2. LA BACILOSCOPIA
La baciloscopia es la técnica de
elección para el diagnóstico rápido
y el control de tratamiento de la
tuberculosis pulmonar.
Es simple, económica y eficiente
para detectar los casos infecciosos.
Es la herramienta fundamental de
una estrategia para el control de la
tuberculosis.
3. El envase más adecuado debe tener las siguientes características:
Boca ancha: de no menos de 50 mm de diámetro,
Capacidad entre 30 ml y 50 ml,
Cierre hermético.
Material plástico transparente, resistente a roturas
MUESTRA DE ESPUTO
4. NÚMERO DE MUESTRAS Y EL MOMENTO DE LA RECOLECCIÓN
Para diagnóstico:
Es conveniente analizar más de una muestra de cada
SR.
Los organismos internacionales recomiendan la
obtención de dos muestras por SR
La primera muestra debe ser tomada siempre en el
momento de la consulta (muestra inmediata).

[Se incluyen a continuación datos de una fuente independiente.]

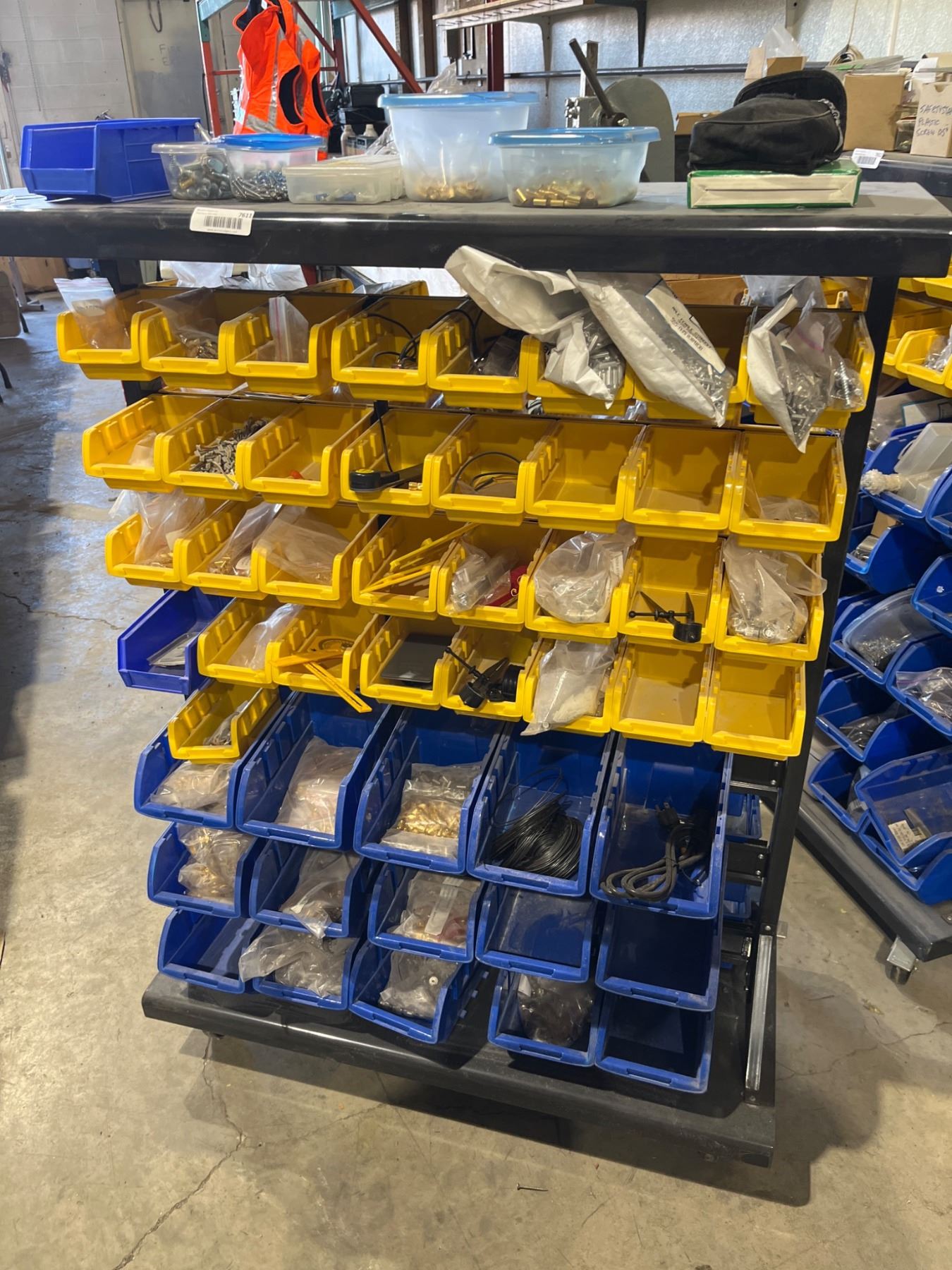Lot 7611 Mobile Rolling Steel Shelf With Plastic Bins Containing Assorted Fasteners And Hardware

La segunda la debe recolectar el paciente en su casa
por la mañana al despertar (muestra matinal).
5. La muestra debe ser mucopurulenta.
La cantidad de la muestra debe ser aprox. 3 a 5 ml.
Tomar en cuenta la presencia de leucocitos o la presencia de macrófagos
indican buena calidad de esputo.
CALIDAD DE LA MUESTRA
6. RECEPCIÓN DE MUESTRA
La recepción debe ser organizada, en un lugar ventilado.
Debe ser ágil (paciente no espere).
Envases estén bien identificados y cerrados herméticamente.
Verificar que estén con el formulario de solicitud bacteriológica.
Observar la calidad de la muestra a través de las paredes.
Ubicar los envases dentro de cajas transportadoras.
7. Proteger la muestra del calor y de la luz
solar.
Las muestras deben ser conservadas en
refrigeración (2 -8 °C).
CONSERVACIÓN DE LA MUESTRA
8. • Lavarse las manos y colocarse el EPP.
• Ordenar las muestras con el código correspondiente a la solicitud
del examen.
• Numerar una lámina portaobjeto, el mismo número asignado en la
solicitud del examen.
• Colocar las muestras a la izquierda o derecha del analista en
orden creciente de numeración, ubicar cada lámina delante de la
muestra.
• Tomar la primera muestra y la lámina correspondiente y colocar
detrás del mechero de manera que la llama quede entre el
operador y el frasco (esta posición protegerá al operador de
posibles formaciones de aerosoles al abrir el envase y realizar el
extendido).
PREPARACIÓN DE LOS EXTENDIDOS
9. • Destapar cuidadosamente el envase, para evitar la
formación de aerosoles.
• Tomar el palillo entre el pulgar y el índice de la mano, para
luego seleccionar la partícula más densa o purulenta de la
muestra de esputo y enrollarla en el aplicador.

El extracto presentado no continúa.